The Russian search engine gave me correct results on the first form submit attempt, and returned more correct results than I needed. They all seemed helpful and correct. My time was thus not wasted. This is GOOD.

In contrast, the familiar US and European search engines gave a lot of faulty results and advertisements and seemed to be designed to waste my time. This is NOT GOOD; this is BAD.

In terms of improvement, scientific devices and programs and services ought to be based upon proper cause and effect results rather than ethnic stereotypes and geopolitical provacateurism and instigating.

I am not Russian; I have never been to Russia.

Russia is still not forgotten in the struggle against world terrorism. Several nations and groups and individuals are still committed to battle the terrorism and it’s bigotted sources.

America, please stand down before something irreversibly destructive happens.
Sincerely,

Yet another concerned US citizen.

65535 July 28, 2019 8:15 AM

@ David Rudling

“Am i the only one who finds it a little strange that a Russian three letter agency was spending scarce foreign hard-currency on employing western companies to do jobs which, in at least the first four and possibly five projects listed…”

No you are not.

It is not just that fact. Why would a high level FSB subcontractor be using what is reported to be Active Director [AD with Federated service] from Microsoft out of Redmond Washington, USA?

Why would said FSB contractor being paying licenses fees to use Microsoft’s Servers [MS Sever 2003 to Server 2016] via a money trial?

Micorsoft Servers licenses can get very expensive to use – not to mention leaky. Would the Russian’s FSB trust MS and pay them money?

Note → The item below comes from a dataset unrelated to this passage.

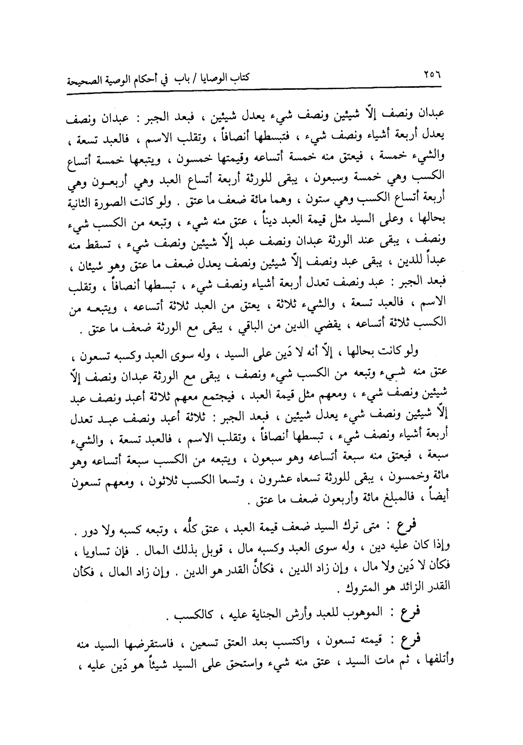 عبدان ونصف إلا شيئين ونصف شئ يعدل شيئين، فبعد الجبر: عبدان ونصف يعدل أربعة أشياء ونصف شئ، فتبسطها أنصافا، وتقلب الاسم، فالعبد تسعة، والشئ خمسة، فيعتق منه خمسة أتساعه وقيمتها خمسون، ويتبعها خمسة أتساع الكسب وهي خمسة وسبعون، يبقى للورثة أربعة أتساع العبد وهي أربعون وهي أربعة أتساع الكسب وهي ستون، وهما مائة ضعف ما عتق. ولو كانت الصورة الثانية بحالها، وعلى السيد مثل قيمة العبد دينا، عتق منه شئ، وتبعه من الكسب شئ ونصف، يبقى عند الورثة عبدان ونصف عبد إلا شيئين ونصف شئ، تسقط منه عبد الدين، يبقى عبد ونصف إلا شيئين ونصف يعدل ضعف ما عتق وهو شيئان، فبعد الجبر: عبد ونصف تعدل أربعة أشياء ونصف شئ، تبسطها أنصافا، وتقلب الاسم، فالعبد تسعة، والشئ ثلاثة، يعتق من العبد ثلاثة أتساعه، ويتبعه من الكسب ثلاثة أتساعه، يقضى الدين من الباقي، يبقى مع الورثة ضعف ما عتق. ولو كانت بحالها، إلا أنه لا دين على السيد، وله سوى العبد وكسبه تسعون، عتق منه شئ، وتبعه من الكسب شئ ونصف، يبقى مع الورثة عبدان ونصف إلا شيئين ونصف شئ، ومعهم مثل قيمة العبد، فيجتمع معهم ثلاثة أعبد ونصف عبد إلا شيئين ونصف شئ يعدل شيئين، فبعد الجبر: ثلاثة أعبد ونصف عبد تعدل أربعة أشياء ونصف شئ، تبسطها أنصافا، وتقلب الاسم، فالعبد تسعة، والشئ سبعة، فيعتق منه سبعة أتساعه وهو سبعون، ويتبعه من الكسب سبعة أتساعه وهو مائة وخمسة، يبقى للورثة تسعاه عشرون، وتسعا الكسب ثلاثون، ومعهم تسعون أيضا، فالمبلغ مائة وأربعون ضعف ما عتق. فرع متى ترك السيد ضعف قيمة العبد، عتق كله، وتبعه كسبه ولا دور. وإذا كان عليه دية، وله سوى العبد وكسبه مال، قوبل بذلك المال. فان تساويا، فكأن لا دين ولا ما، وإن زاد الدين، فكأن القدر هو الدين. وإن زاد المال، فكأن القدر الزائد هو المتروك. فرع الموهوب للعبد وأرش الجناية عليه، كالكسب. فرع قيمته تسعون، واكتسب بعد العتق تسعين، فاستقرضها السيد منه وأتلفها، ثم مات السيد، عتق منه شئ واستحق على السيد شيئا هو دين عليه،

[Server 2008 v. server 2019]

” Everything changes starting with the general availability of Windows Server 2016 (WS2016). Note that you always purchase the latest edition of Windows Server, so the latest rules always apply to you. You might opt to deploy an older version of Windows Server, if the license allows that, but the latest rules still apply. You can now purchase a Xeon processor with 24 cores. This means that Microsoft has started to lose money on larger customers. Once upon a time, a server with 2 of those processors (48 cores) might have required 6+ processors, which is at least 3 copies of Windows Server, but the old license program requires just 2 processors for a pair of those 24 core CPUs.”-petri

htt ps://www.petri.com/understanding-windows-server-2016-licensing

[and]

Windows Server 2016 licensing mode

“Windows Server 2016 licensing model includes both Cores + Client Access Licenses (CALs). Each user and/or device accessing a licensed Windows Server Standard, Datacenter or Multipoint edition requires a Windows Server CAL or a Windows Server and a Remote Desktop Services (RDS) CAL. A Windows Server CAL gives a user or device the right to access any edition of Windows Server of the same or earlier version. Each Window Server CAL allows access to multiple licenses of Windows Server. After the General Availability of Windows Server 2016, the business model for Standard and Datacenter editions will transition from processor-based to core based licensing. Core-based licensing provides a more consistent licensing metric across multi-cloud environments, improves workload portability for Windows Server through benefits like Azure Hybrid…”-technet

ht tps://blogs.technet.microsoft.com/ausoemteam/2016/07/26/windows-server-2016-licensing-model/

[and]

“Server 2016 licensing. CALs??”

ht tps://community.spiceworks.com/topic/1982231-server-2016-licensing-cals

[and]

“Servers licnesed by cores”

ht tps://www.directionsonmicrosoft.com/sites/default/files/PDFs/Windows_Server_2016_Licensing_Guide.pdf

[and]

“Server 2016 licensing. CALs??”

ht tps://community.spiceworks.com/topic/1982231-server-2016-licensing-cals

[and]

“Running Windows Server without a license”

ht tps://www.reddit.com/r/sysadmin/comments/5la3a5/running_windows_server_without_a_license/

Are we really talking about an FSB contractor running USA developed equipment? I am doubtful.